**Your task**
Exactly as written, output the lines below starting from the first and ending with the line that contains "緑色の風景に黄色が目立ってました♪ ミヤマキンバイ(深山金梅) バラ科"; omit pictures.
Data for the task section start
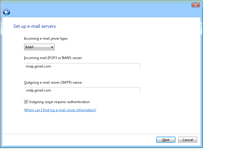 4) Choose IMAP input given servers, and check 'Outgoing server requires authentication'; click Next. 5) Input the following for the incoming and outgoing servers:
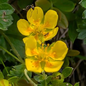 緑色の風景に黄色が目立ってました♪ ミヤマキンバイ(深山金梅) バラ科 キジムシロ属 多年草 北海道、本州(中部地方以北)に分布。 亜高山〜高山の礫地に生育。 葉は3出複葉、小葉は倒卵形、粗い鋸歯がある。茎葉は小さく1〜2個つく。 花は直径1.5〜2cm。花弁は広倒卵形、5個つき花弁の先はややへこみ、付け根の部分は橙黄色。萼片と副萼片はほぼ同長、副萼片の幅がややひろい。 雄しべは普通20個、雌しべは多数。 痩果は10〜40個つき、長さ約1.5㎜。 花期6〜9月 6月29日撮影 磐梯山
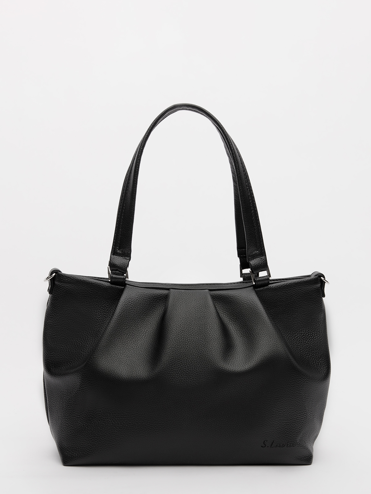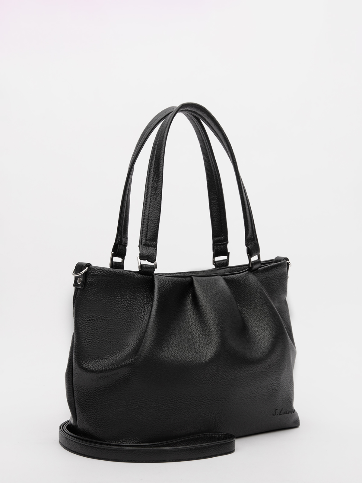 Трендовый силуэт вытянутого прямоугольника со стильными складками создаёт дополнительный объём и добавляет образу лёгкую женственность. Удобные ручки средней длины и съёмный ремень предлагают варианты ношения — от классического до более свободного. Литой декор и брендированная фурнитура подчёркивают статусность аксессуара.
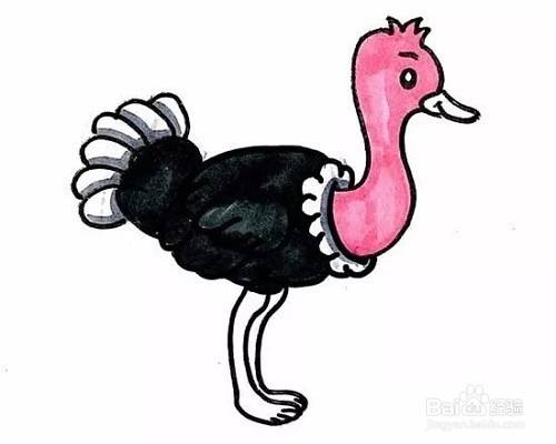 开始涂色吧,先给鸵鸟的头部涂玫红色,身体涂上黑色,羽毛的边缘涂灰色
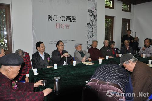 开幕式后由安徽省美术理论委员会副会长王永敬先生主持对陈丁佛绘画艺术进行了研讨,会上美术史论家郭因、郭公达、陶天月、周觉钧、刘继潮、王家琰、胡正言等对陈丁佛人品和书画艺术给予了很高的评价,陈丁佛先生作品设色艳而不俗、用笔恣肆、以书入画传承和发展了孔小瑜先生所授海派小写意花鸟画在安徽的文脉。
Data for the task section end
**Written solution**
 4) Choose IMAP input given servers, and check 'Outgoing server requires authentication'; click Next. 5) Input the following for the incoming and outgoing servers:
 緑色の風景に黄色が目立ってました♪ ミヤマキンバイ(深山金梅) バラ科 キジムシロ属 多年草 北海道、本州(中部地方以北)に分布。 亜高山〜高山の礫地に生育。 葉は3出複葉、小葉は倒卵形、粗い鋸歯がある。茎葉は小さく1〜2個つく。 花は直径1.5〜2cm。花弁は広倒卵形、5個つき花弁の先はややへこみ、付け根の部分は橙黄色。萼片と副萼片はほぼ同長、副萼片の幅がややひろい。 雄しべは普通20個、雌しべは多数。 痩果は10〜40個つき、長さ約1.5㎜。 花期6〜9月 6月29日撮影 磐梯山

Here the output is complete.